(SOURCE RECORDS begins)
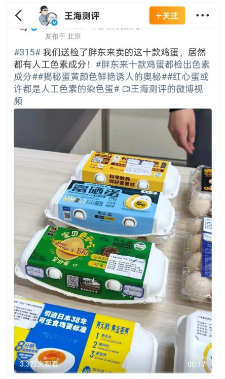 3月13日,知名打假人王海團隊公開爆料稱,送檢了胖東來賣的十款雞蛋,均檢出人工角黃素(斑蝥黃),直指品牌涉嫌虛假宣傳。其中一款雞蛋還是黃天鵝。
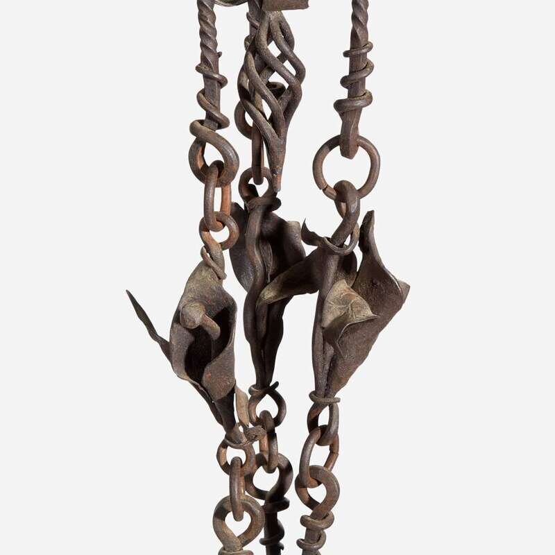 Each light with prick candlestick, the links and circulet decorated with foliate forms including lilies and ivy tendrils, the circulet suspended from a fleur-de-lis crown-form corona
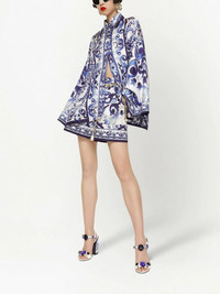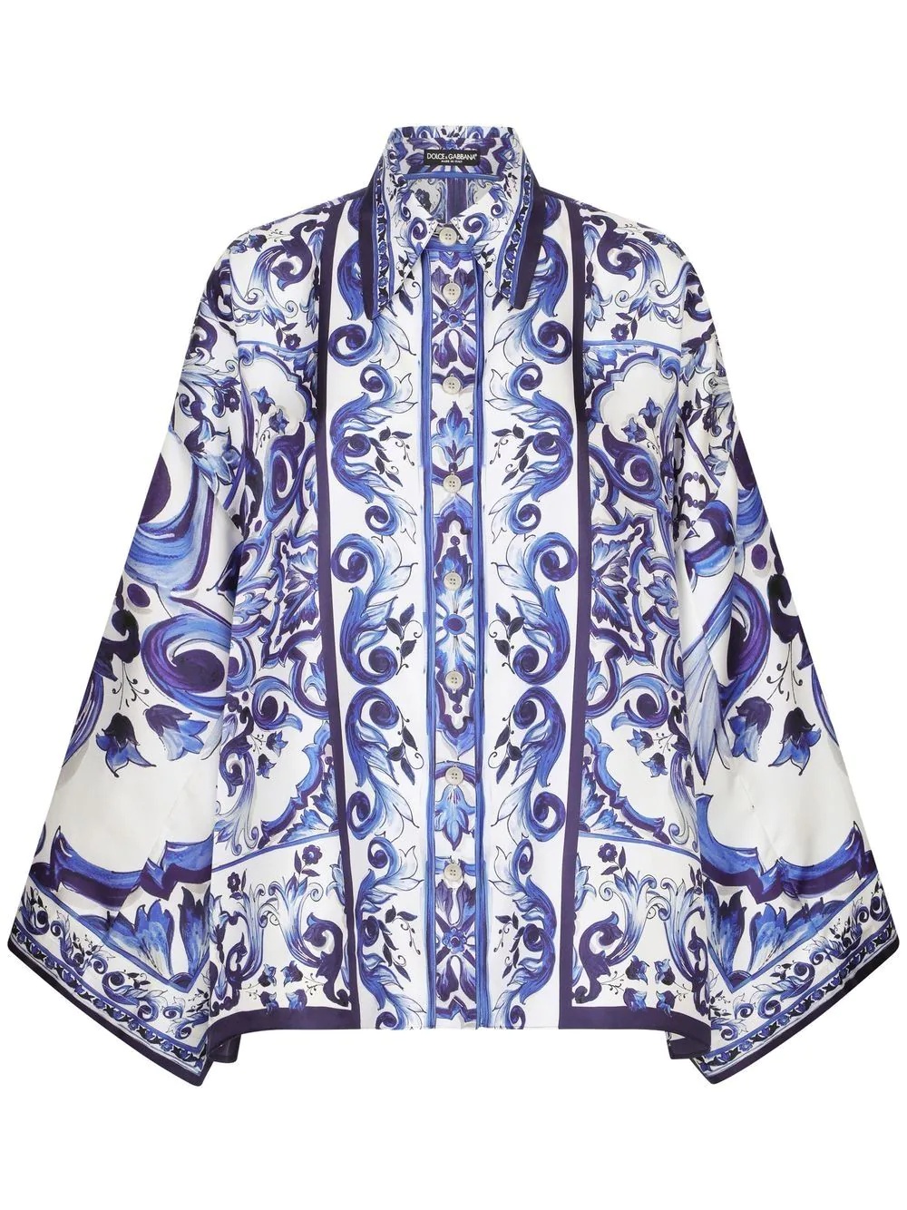 Majolica-print batwing-sleeve shirt Dolce & Gabbana brings back its iconic Majolica print for AW22. Crafted from smooth silk, this wide-sleeve shirt displays the signature motif in white and blue tones. Made in Italy Composition Silk 100% SIZE & FIT Measurement LENGTH 28.34 in(72 cm) FittingInformation Designed to be unstructured, offering a loose fit throughout
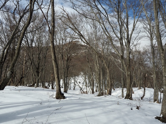 >co1170mの台地は青空に突き刺さるような明るいブナ林で、樹間からの眺望もマズマズ。いきなり雪も多くなり、
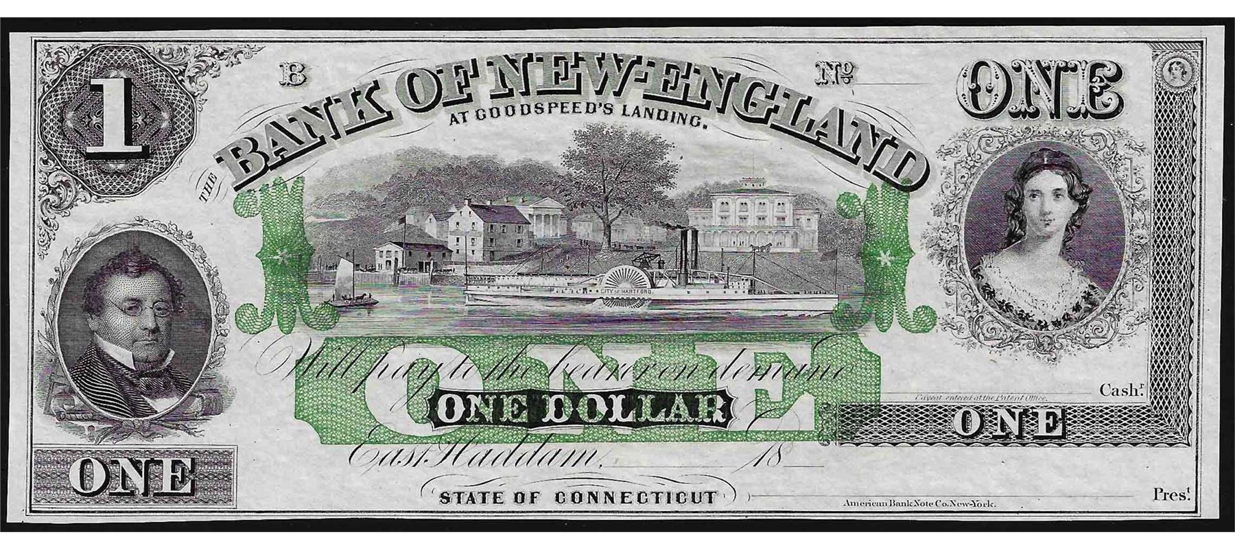 One 1800's $1 Bank of New England Obsolete Bank Note.
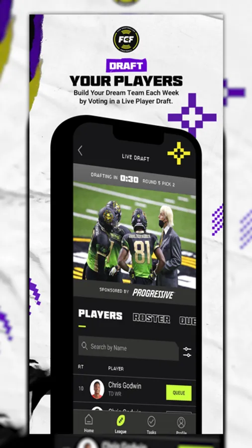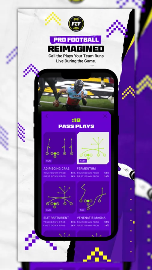 FCF is football re-imagined for the modern digital world where the fans are in charge. Real players compete in a single, high tech studio venue and fans control everything from picking their jerseys, to drafting the players to calling the plays and even deciding the challenges on the field.
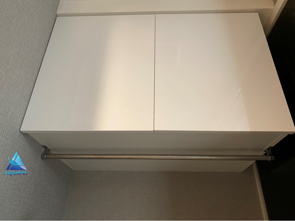 洗面所 洗濯機上吊り戸棚 扉色 鏡面ホワイト ハンガーパイプ設置
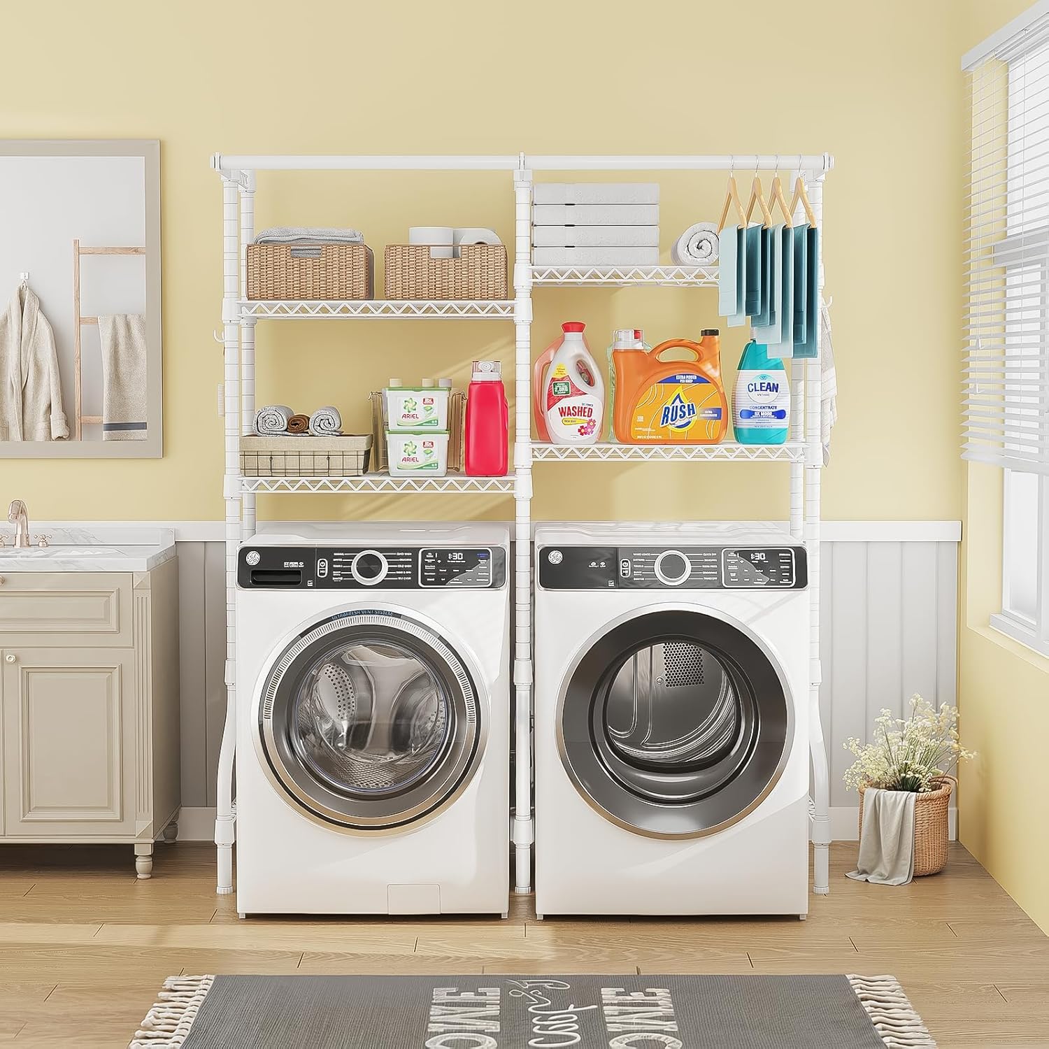 - [Smart Space Optimization]: The 4 pieces of metal shelves can organize and store laundry detergent, washing powder and liquid, and other accessories. The 2 clothes hanger rods allow vertical clothing drying and do not affect storage space
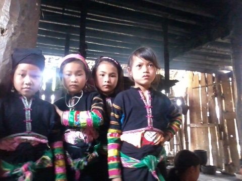 Après avoir profité quelques très belles photos, nous descendons au village toujours par le beau chemin en terre. Dès l’entrée du village, il y a déjà un groupe de petits Lolo qui nous attendent en lançant le mot “bonjour” avec de très beaux sourires (je crois qu’ils nous ont retrouvés de loin). À notre tour, nous répondons aux enfants en souriant. Voilà c’est le premier sympathique contact avec les habitants du village.
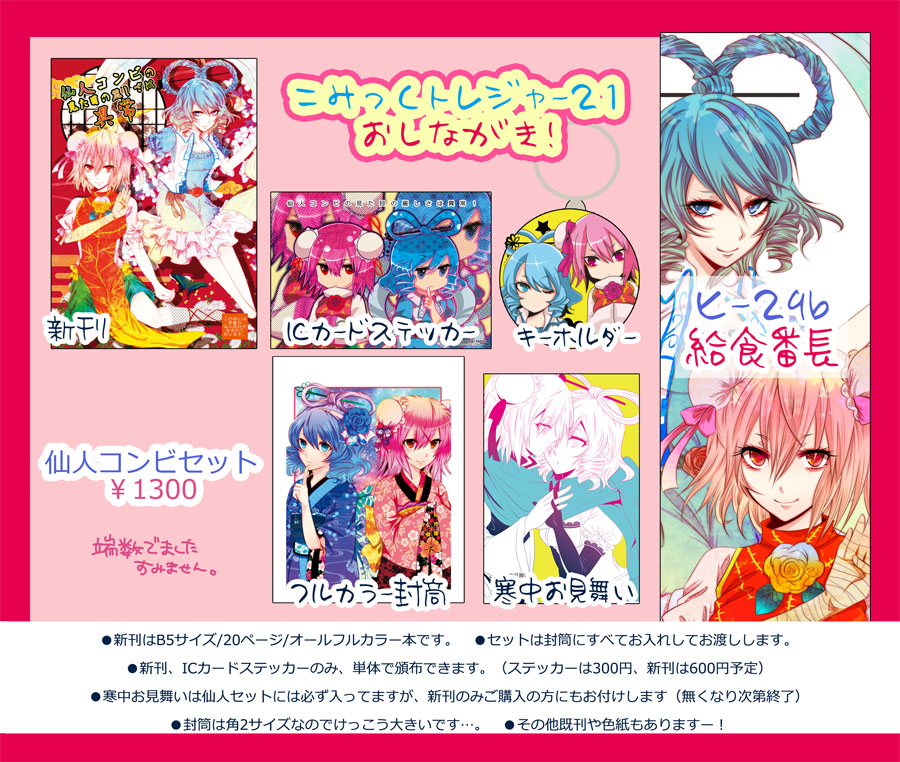 例大祭はそんなかんじですかね…あと既刊の仙人本やグッズ、雛ちゃん本なんかも明日まとめて宅配に出しときます。
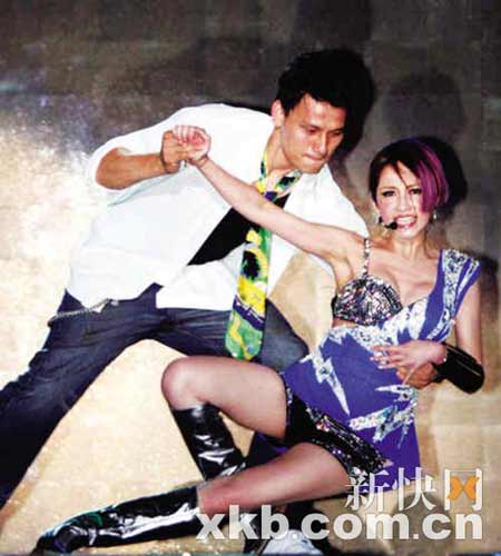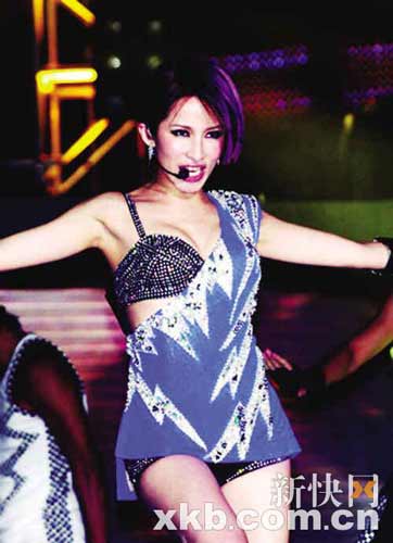 趁新專輯《3面夏娃》大賣,El-va9日晚在臺中舉辦表演秀,并以性感舞衣及14首金曲答謝粉絲,最矚目的是她身穿單肩閃電圖案上衣,秀出鑲鉆Bra-top及性感熱褲,配合鑲滿鉆石的眼鏡道具,加上她與籃球隊選手陳志忠大跳辣舞,掀起全晚高潮!不過Elva這個“半盲”造型彩排時,不慎差錯腳,幾乎從3米高臺墜下,幸好有驚無險。經(jīng)紀人抹一把汗之余,立即將保險額加碼至2000萬港元。
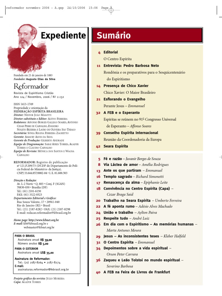 42 Seara Esprita 5 8 13 16 17 18 20 22 24 25 26 29 31 34 36 40 F e razo Juvanir Borges de Souza Via Lctea de amor Amlia Rodrigues Ante os que partiram Emmanuel Templo sagrado Richard Simonetti Renascena da alma Epiphanio Leite Convivncia no Centro Esprita (Capa) Cezar Braga Said Trabalho na Seara Esprita Umberto Ferreira A f aponta rumo Adsio Alves Machado Unio e trabalho Aylton Paiva Respeite tudo Andr Luiz Em dia com o Espiritismo As memrias humanas Marta Antunes Moura Jesus As inconsistentes teses Kleber Halfeld O Centro Esprita Emmanuel Depoimentos sobre a vida espiritual Orson Peter Carrara Zaqueu e Leo Tolstoi no mundo espiritual Severino Barbosa A FEB na Feira de Livros de Frankfurt
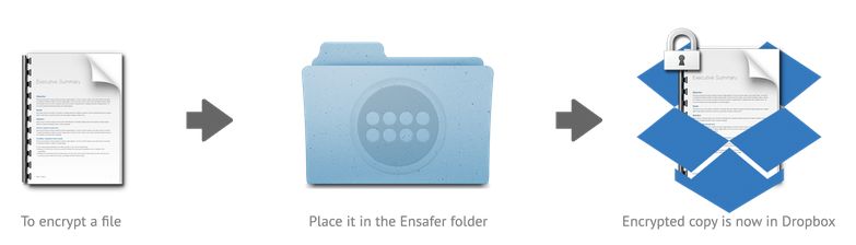 Ensafer je užitečný nástroj pro pohodlné automatické šifrování dat před jejich jejich uložením na cloudové úložiště Dropbox. Uživatel zvolené soubory umístí do speciální složky, kterou program vytvoří a ten se již sám postará o jejich šifrování a upload (synchronizaci) na Dropbox.
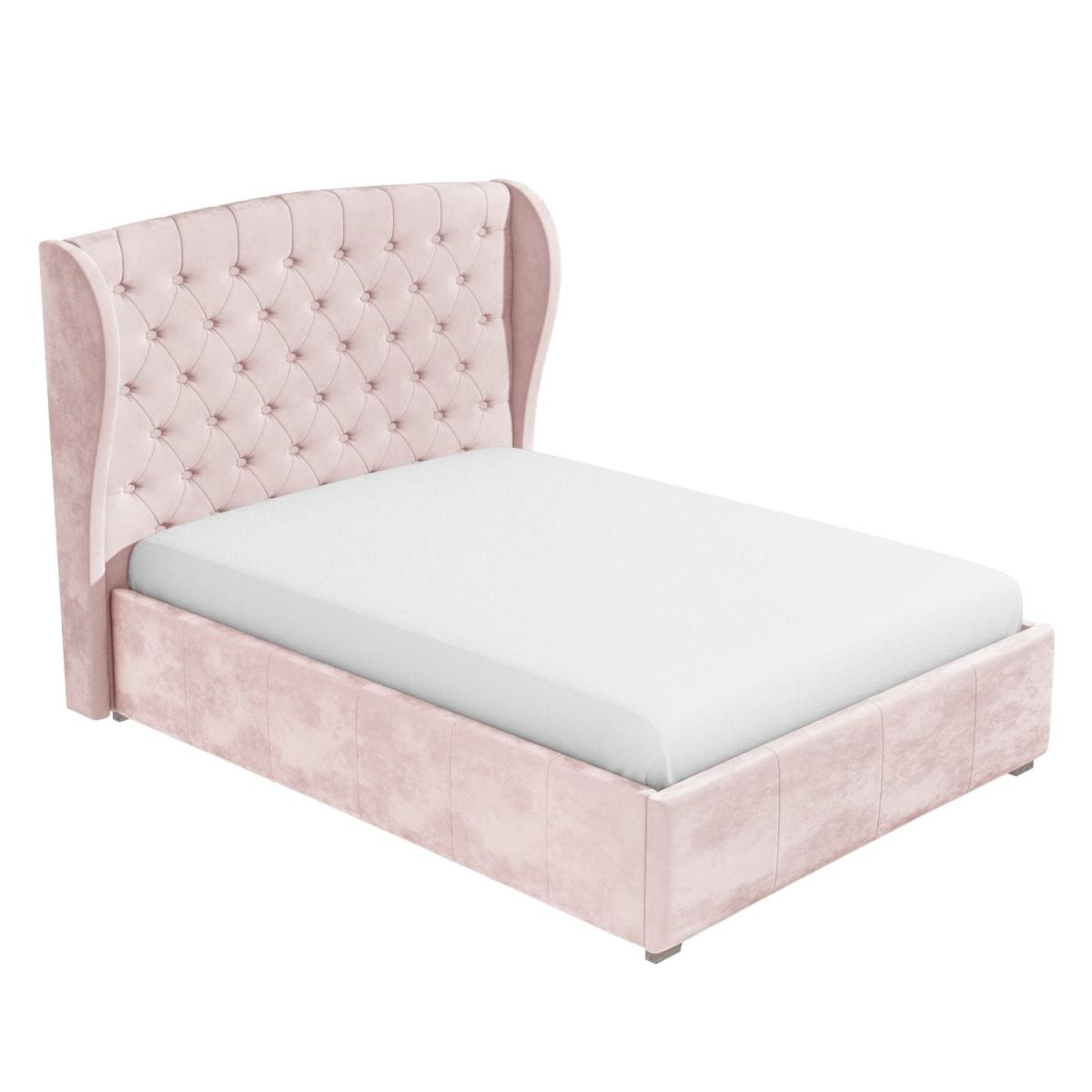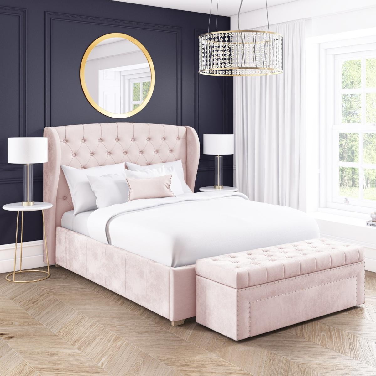 Features we love Easy access front opening storage space with gas lift mechanism. Plenty of storage space the entire area beneath the mattress can be used. Grand winged headboard creates an instant focal point in the bedroom Light baby pink velvet finish makes it easy to coordinate with other bedroom furnishings and décor styles. The tall deep button quilted headboard is great for comfortably propping yourself up All about me. Functionality with uncompromised design this Safina bed is sure to make a stunning impression in the bedroom. Whether you're lucky enough to have a spacious boudoir or put up with a pokey one everyone can benefit from the wealth of storage space this ottoman bed brings to the bedroom. Get clutter free and discreetly store away absolutely anything from spare towels and bedding to an unsightly suitcase. Accessing your stored items is effortless as this front opening storage space has a gas lift mechanism for all the heavy lifting. When it comes to style this storage bed has it going on sporting an alluring winged headboard with deep button quilting and a soft to the touch baby pink velvet finish. Not only does it give the bed a luxurious look it also adds comfort it's great for propping yourself up in bed and relaxing in front of the TV or getting cosy with a good book. This bed is beautiful inside and out with its quality build. It's been made with a durable wooden frame padded and then upholstered with baby pink velvet. It has a wooden slatted sprung frame for great mattress support and central bar legs for added support and durability. Need to know. Size. Standard UK Double (4ft6/135x190cm) Dimensions. W159 x D208.5 x H130 cm Storage Dimensions. W138.5 x D193 x H30 cm Headboard. W159 x H130 cm Material. Metal and; wood frame Finish. Velvet Colour. Baby pink. More info. Easy to open gas lift front opening ottoman storage. Tall statement wing headboard with stud quiltingSoft touch velvet finish in baby pink Wooden slatted bed base with central leg support. Fits a standard UK double mattress (4ft6/135x190cm)Mattress not included.
(SOURCE RECORDS ends)
ACTIVITY: The answer is the lines above from the one with "One 1800's $1" to the one with "例大祭はそんなかんじですかね", set down exactly, with no pictures.

EXERCISE OUTPUT:
 One 1800's $1 Bank of New England Obsolete Bank Note.
 FCF is football re-imagined for the modern digital world where the fans are in charge. Real players compete in a single, high tech studio venue and fans control everything from picking their jerseys, to drafting the players to calling the plays and even deciding the challenges on the field.
 洗面所 洗濯機上吊り戸棚 扉色 鏡面ホワイト ハンガーパイプ設置
 - [Smart Space Optimization]: The 4 pieces of metal shelves can organize and store laundry detergent, washing powder and liquid, and other accessories. The 2 clothes hanger rods allow vertical clothing drying and do not affect storage space
 Après avoir profité quelques très belles photos, nous descendons au village toujours par le beau chemin en terre. Dès l’entrée du village, il y a déjà un groupe de petits Lolo qui nous attendent en lançant le mot “bonjour” avec de très beaux sourires (je crois qu’ils nous ont retrouvés de loin). À notre tour, nous répondons aux enfants en souriant. Voilà c’est le premier sympathique contact avec les habitants du village.
 例大祭はそんなかんじですかね…あと既刊の仙人本やグッズ、雛ちゃん本なんかも明日まとめて宅配に出しときます。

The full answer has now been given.